As hundreds of people gathered in South Straub Park in St. Petersburg for a “Vigil for Democracy” event to mark the horror of the Jan. 6, 2021, attack on the U.S. Capitol, more than 150 conservative activists gathered in Clearwater to blast the mainstream media’s interpretation of that day, and give praise to a “political prisoner” who remains held in the Pinellas County Jail for his participation.

Jeremy Brown is a retired special forces U.S. Army officer who served 20 years in the military. He was arrested in late September on charges of entering restricted grounds and possession of unregistered firearms.

Brown has been sitting in the Pinellas County Jail for months without bail after a federal judge ruled that he had threatened federal law enforcement officers.


What You Need To Know

  • President Biden called the Jan. 6th attack on the Capitol “an armed insurrection” in a speech in Washington

  • One Bay area man, Largo resident Robert Palmer, was sentenced to 63 months in prison last month in connection with the Jan. 6 riot in Washington where he was seen on video throwing a fire extinguisher at a Capitol police officer. That's the longest sentence anyone has encountered to date

  • At least 70 of the more than 700 people arrested in connection to the Jan. 6 riot are from Florida. Six come from Hillsborough County and six from Pinellas, according to the Palm Beach Post

There were several congressional candidates who spoke in Clearwater on Thursday, including state House member Anthony Sabatini and Cory Mills, both of whom are running in the Central Florida Congressional District 7 race.

“I think it’s interesting how the Democrats have continued to say that the January 6th was quote unquote an ‘insurrection,’” Mills said. “But yet the multiple riots that were destroying blocks after city blocks. Destroying businesses. Murdering people like David Dorn.Those were just ‘peaceful protests’, according to the Democrats.”

Dorn was a retired police captain in St. Louis who was killed on the same night as protests about the death of George Floyd took place.

Christine Quinn, who is now running for the Pinellas County Congressional District 13 seat, took aim at certain members of the Republican Party.

“Are we not smarter than the people in politics, right now?” she asked the crowd while standing on the back of a flatbed truck. ”I mean, if anything, we should be so upset with our Republican representation because in 2016, we had the House. We had the Senate. And we had Trump. And still Trump couldn’t get anything passed.

"Why couldn’t Trump get anything passed? RINOS.” she added, as the crowd chanted in unison, using the acronym to describe what is derisively known as “Republicans in name only.”

Meanwhile at South Straub Park, hundreds of progressive citizens showed up to a “Vigil for Democracy” event, one of a number held throughout the country (including in Tampa and Bradenton).

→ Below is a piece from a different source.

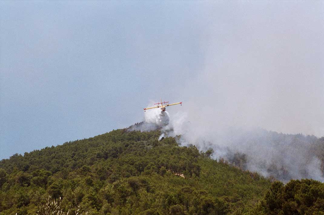 Das schnelle Vorgehen der Feuerwehr, auch dank der Kameras zur Frühwarnung, und die auf Ibiza stationierten Mittel, helfen den Bomberos, die Feuer besser zu bekämpfen. Glücklicherweise liegen die katastrophalen Großbrände auf Ibiza inzwischen viele Jahre zurück. Dieses Foto erinnert an damals, als die Löschflugzeuge im Minuten-Takt unterwegs waren.

“Tonight 250 local residents came here to ensure that the attack that took place a year ago doesn’t happen," said John Stewart with Declaration for American Democracy. "That was as assault by militias, and militants, many of them armed, saying the person you voted for, we don’t like him. He’s not going to win."

He called on the crowd to call Florida’s U.S. Sens. Rick Scott and Marco Rubio and tell them to support two voting rights bills being pushed by Democrats in Congress — the John Lewis Voting Rights Act and the Freedom to Vote Act.

Congressional District 13 Democratic candidate Eric Lynn was asked what it would require to ensure that Jan. 6, 2021, doesn’t happen again. Communication is key, he said.

“We need to work on our intelligence sharing," he said. "We need to make sure that our Capitol Police is gaining intelligence from the FBI, from the Secret Service, from other police forces. Something that didn’t happen on January 6th in the way that it really needed to.”